消毒薬の種類と使い分け

感染対策の基本である「洗浄・消毒・滅菌」の違いを整理し、アルコール・塩素系・逆性石けん・クロルヘキシジン・ヨード系など主要な消毒薬の特徴と、対象(手指・皮膚・粘膜・器具・環境)や微生物に応じた使い分け、そして使用上の注意を文章で理解する。

1洗浄・消毒・滅菌のちがい

洗浄は汚れを物理的に取り除くこと、消毒は病原体を害のない程度まで減らすこと、滅菌はすべての微生物を(芽胞も含め)死滅させること。
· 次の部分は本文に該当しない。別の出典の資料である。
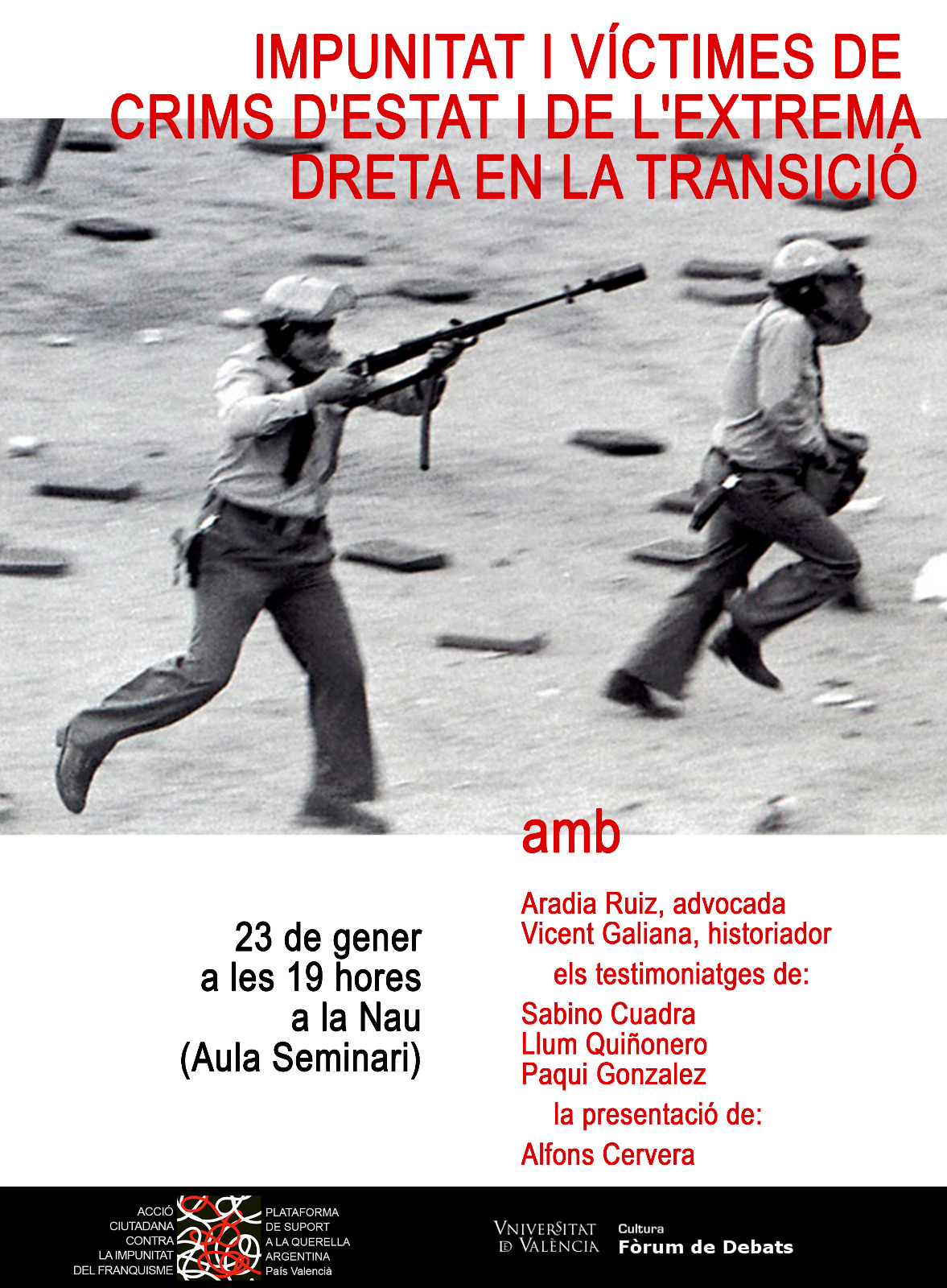 En aquest context, també es farà a La Nau, a les 19 hores del mateix dijous, la taula redona ‘Impunitat i víctimes de crims d’Estat i de l’extrema dreta en la Transició’, que s’emmarca en la programació del Fòrum de Debats del Vicerectorat de Cultura i Esport i tindrà lloc a l’Aula Seminari A, amb entrada lliure fins que es completen les places disponibles. Sobre l’acte de la vesprada obert al públic: http://links.uv.es/dZtWm9p

レベルが上がるほど無菌に近づく。

本文に登場する消毒薬を、主な対象(生体か器具・環境か)と効く微生物の範囲・注意点で整理した分類表。生体には低刺激なものを、芽胞や環境の消毒には範囲の広いものを選ぶ。

感染対策では、似た言葉である『洗浄』『消毒』『滅菌』を正しく区別することが大切である。

洗浄は、汚れや有機物(血液・便など)を水や洗剤で物理的に取り除くことをいう。

消毒は、病原体(有害な微生物)を害のない程度まで減らすことで、すべての微生物を死滅させるわけではない。

滅菌は、芽胞を含むすべての微生物を死滅させ、無菌の状態にすることをいう(高圧蒸気滅菌=オートクレーブなど)。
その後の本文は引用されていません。